When the parameterization uses $\eta$ directly (i.e., $\eta$ is the free parameter), the family is in canonical form: $p(x | \eta) = h(x) \exp(\eta^\top T(x) - A(\eta))$ .

Most distributions you encounter are exponential families: Gaussian, Bernoulli, Poisson, Exponential, Gamma, Beta, Multinomial, and Wishart. Notable exceptions: the Cauchy distribution, mixture models, and the Uniform $(0, \theta)$ distribution.
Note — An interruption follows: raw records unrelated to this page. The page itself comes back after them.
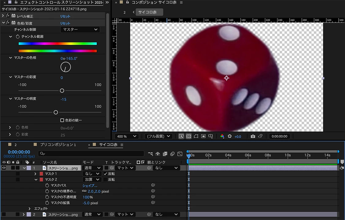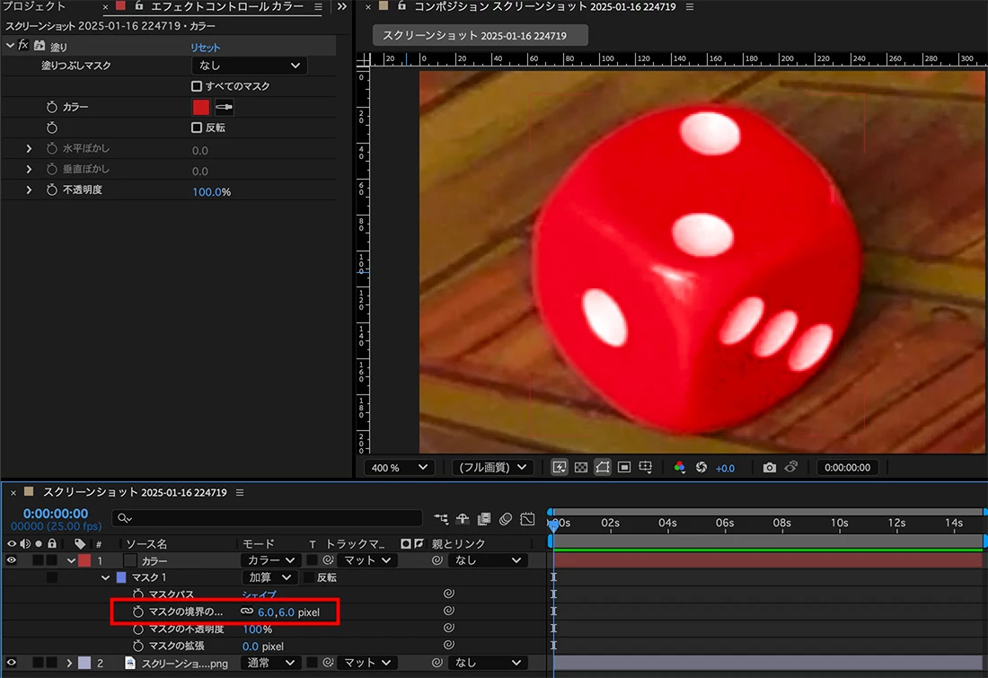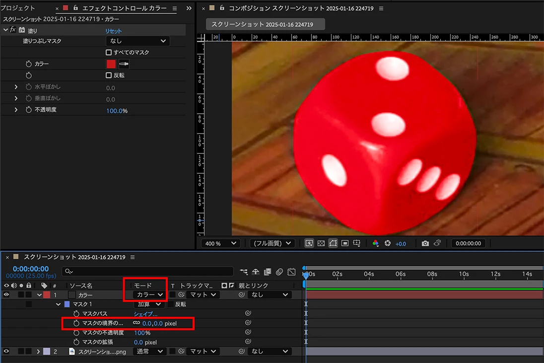 動画素材のレイヤーにマスクをかけて「他のカラーへ変更」のエフェクトをかけることで、動画の一部のみ色を変更したいのですが、対象物の縁が自然に色が変わってくれません。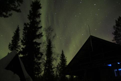Auf dem Rückweg in unsere Stube werden wir aber wieder aufgehalten, auch dieses Mal vom Nordlicht. Wir waren schon etliche Mal hier in Lappland. Was uns aber der diesjährige finnische Himmel schenkt ist unglaublich.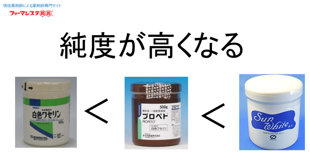 「白色ワセリンとプロペトの違い」は純度の違いであり、 白色ワセリン<プロペトの順で純度が高くなります。

Key properties of exponential families:

Sufficient statistics: $T(X)$ is always sufficient (by factorization)
MLE is unique when it exists: the log-likelihood is concave in $\eta$ (strictly concave when the family is minimal and of full rank), so there are no local optima. Existence can fail at the boundary of the natural parameter space. Canonical failure cases: all-success or all-failure Bernoulli samples (MLE for $\eta = \text{logit}(p)$ is $\pm\infty$ ), all-zero Poisson samples ( $\eta = \log\lambda = -\infty$ ), and separated data in logistic regression. Existence typically requires the observed sufficient statistic to lie in the interior of the convex hull of its support
Moment-generating properties: $\mathbb{E}[T(X)] = \nabla_\eta A(\eta)$ and $\text{Cov}(T(X)) = \nabla^2_\eta A(\eta)$ . The log-partition function generates all the moments of $T$
Conjugate priors: every exponential family has a natural conjugate prior of the form $\pi(\eta \mid \tau, n_0) \propto \exp(\tau^\top \eta - n_0 A(\eta))$ , and posterior updates reduce to incrementing $(\tau, n_0)$ by the sufficient statistic and pseudo-count. The closed-form update is guaranteed; full tractability (computable normalizing constant, posterior moments, marginal likelihood, predictive density) follows for standard cases (Beta-Bernoulli, Normal-Normal, Gamma-Poisson, Dirichlet-Multinomial) but not automatically: the conjugate normalizing constant is itself an exponential-family integral and can lack closed form, and posterior expectations and predictive distributions may still require numerical integration even when the prior–posterior pair is conjugate

Definition

Log-Partition Function $A (η)$

The log-partition function ensures normalization:

$A(\eta) = \log \int h(x) \exp(\eta^\top T(x)) \, dx$

It is always convex in $\eta$ (because it is a log of an integral of exponentials). Its first derivative gives the expected sufficient statistic: $\nabla A(\eta) = \mathbb{E}_\eta[T(X)]$ . Its second derivative gives the variance: $\nabla^2 A(\eta) = \text{Cov}_\eta(T(X))$ , which is also the Fisher information in the natural parameterization: $I(\eta) = \nabla^2 A(\eta)$ .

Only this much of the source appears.